Although every song she tackled was a show stopper, the one that has pulled at our heartstrings most was her cover of Radiohead’s Creep.
Speaking to Out magazine recently Ada says that she has finally found the confidence to be a strong performer. “I’ve been performing on stages for 11 years now. I’ve worked to polish myself as an entertainer and as a vocalist,” she said. “Between season 12 and now, I created Ada and found myself as this thing that’s larger than life, and in that I found so much confidence when I was onstage that it was just absolutely unreal to think I’d never found that before. The confidence has a lot to do with it — I’m so comfortable onstage and I finally feel like I’m living my best life when I’m singing and doing what I love, whether it’s as Adam or Ada, it just so happens that Ada brought me this opportunity.”
Ada is now intent on pursing a music career and hopes to make it big. But she has ruled out appearing on RuPual’s Drag Race. “I am a singer who just happens to do drag,” she says. “People ask me all the time about RuPaul’s Drag Race, and I’m not that type of a drag queen, I’m a singer that happens to do drag, I don’t have a full on persona and don’t want to perform in clubs for the rest of my life. My stage persona, as with many other artists in the industry today, is an alter-ego.”

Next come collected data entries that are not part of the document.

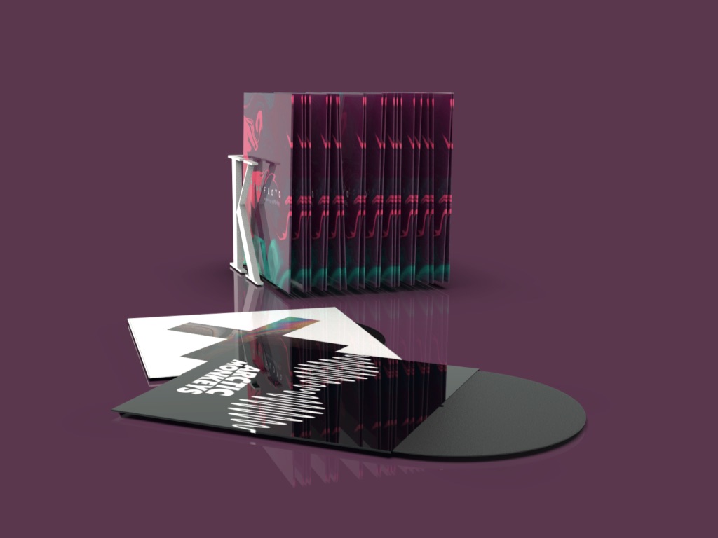 Práca na tému písmo v priestore - typografia. Stojan na platne vytvorený z písmena K. Môže mať rôzne polohy.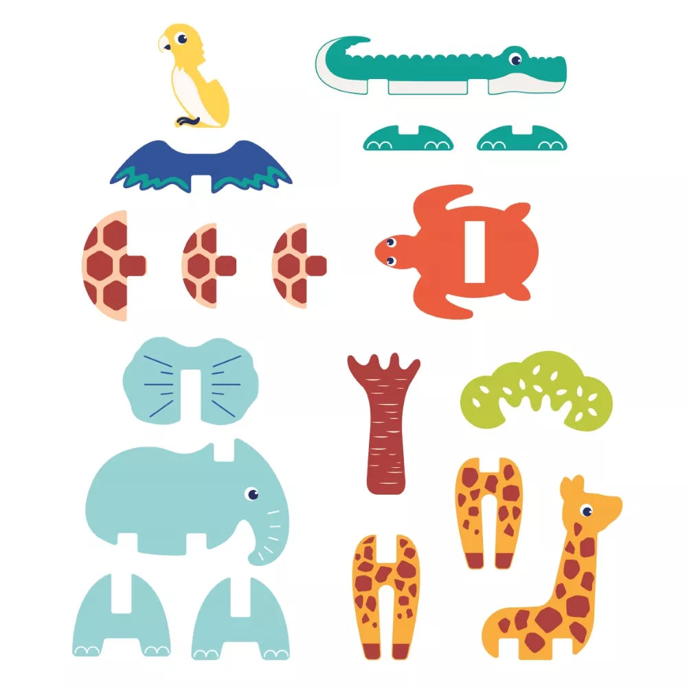 Rinkinyje rasite detales 5 gyvūnėliams ir medžiui sudėti. Detales galima maišyti tarpusavyje ir sukurti dar neregėtus gyvūnus.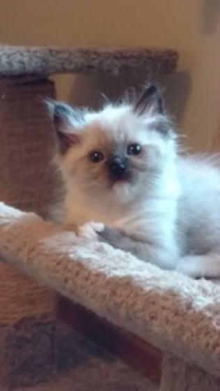 “Canyon” is shown at 5 1/2 months (December 17, 2017) with his buddy, “Sierra.” Now...really...can they both fit on this tiny shelf located on top of their cat tree???
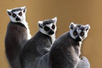 Portret ven 3 aapjes die mooi op een rijtje rond zaten te kijken.De vraag is wie bekijkt hier wie eigenlijk ?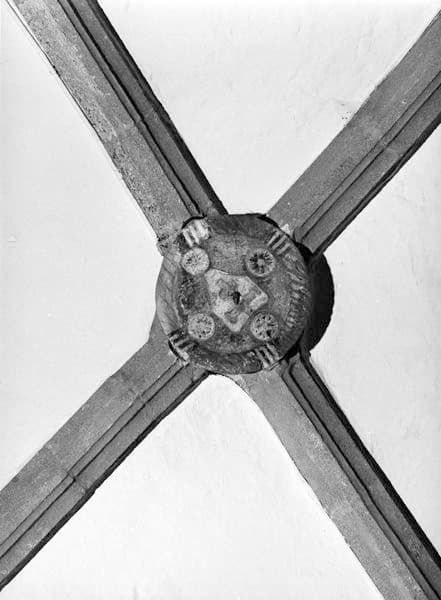 Vue de détail de la clé de voûte de la 3ème travée de la nef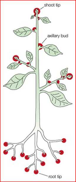 El tallo de la planta crece a partir de lo que se llama el coteledon en la semilla. Crecimiento Longitudal es iniciado por el meristemo apical, que es el brote de crecimiento primario. Meristemos laterales son responsables de la planta más grande en diámetro. Hay dos estructuras llamadas los brotes auxiliares que crecen a ambos lados del meristemo principal. En caso de que el brote axial se corta por alguna razón los alrededores auxiliar cogollos asumirán y cultivar la planta en una nueva dirección. Se trata de cómo podar redireccionar el crecimiento del árbol cortando algunas ramas.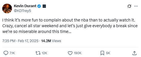 This was Durant’s dry-witted clapback to a fan defending complaints about the All-Star Game. It reflects his ongoing frustration with how fans and commentators pick apart every league event.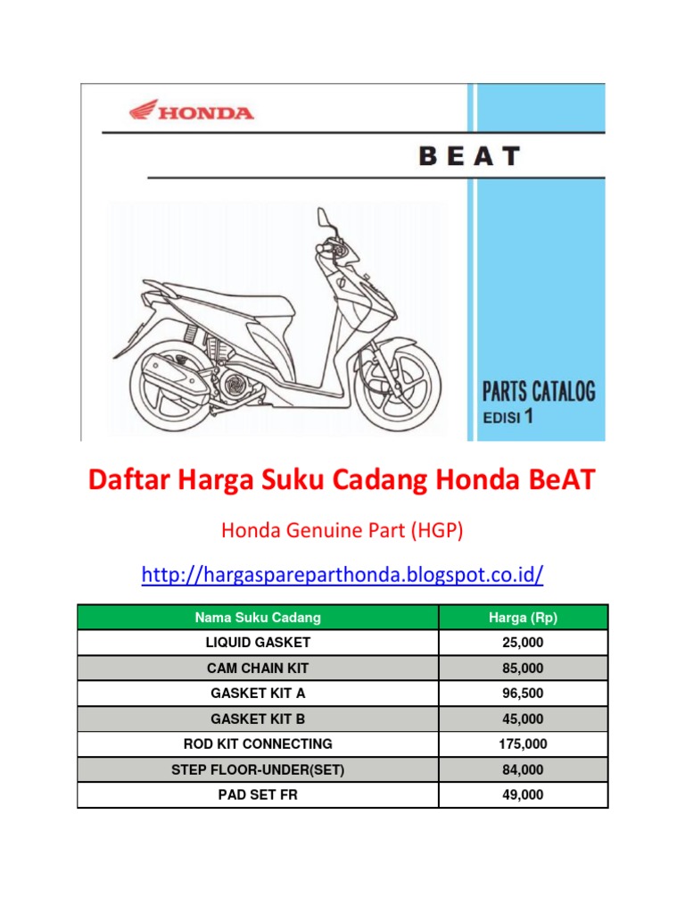 Daftar Harga Sparepart Honda Beat Februari Maret 2018 Informasi Harga Terbaru

Meanwhile, former American Idol winner Clay Aiken has caused controversy by saying that he feels she was voted off not because of her identity but because wasn’t the best singer.
“Someone needs to be real here,” he wrote on the Huffington Post. “Ada Vox wasn’t voted off because she is a drag queen and she wasn’t voted off because Adam Sanders (her alter ego) is a gay man. She was voted off because she was not the best voice on the show.”
However, Ada is just proud to have got as far as she did. “The judges never faltered in their confidence in me, which I greatly appreciate, they believed in me the entire way through and that’s why I made it to the top 10, because they believed in me,” she told Out. “In terms of the voting, I can’t blame it all on what people like to say — homophobia or racism or whatever it may be — I hadn’t had my strongest performances. All those things could have been factors. All I know is that I did not make the top 7 based on America’s vote and it very well could’ve been because of homophobia or racism, but I blame it on myself as well for not having my strongest performances these past couple weeks. The blame has to fall on the entertainer at the end of it all. I left one what I considered to be a high note.”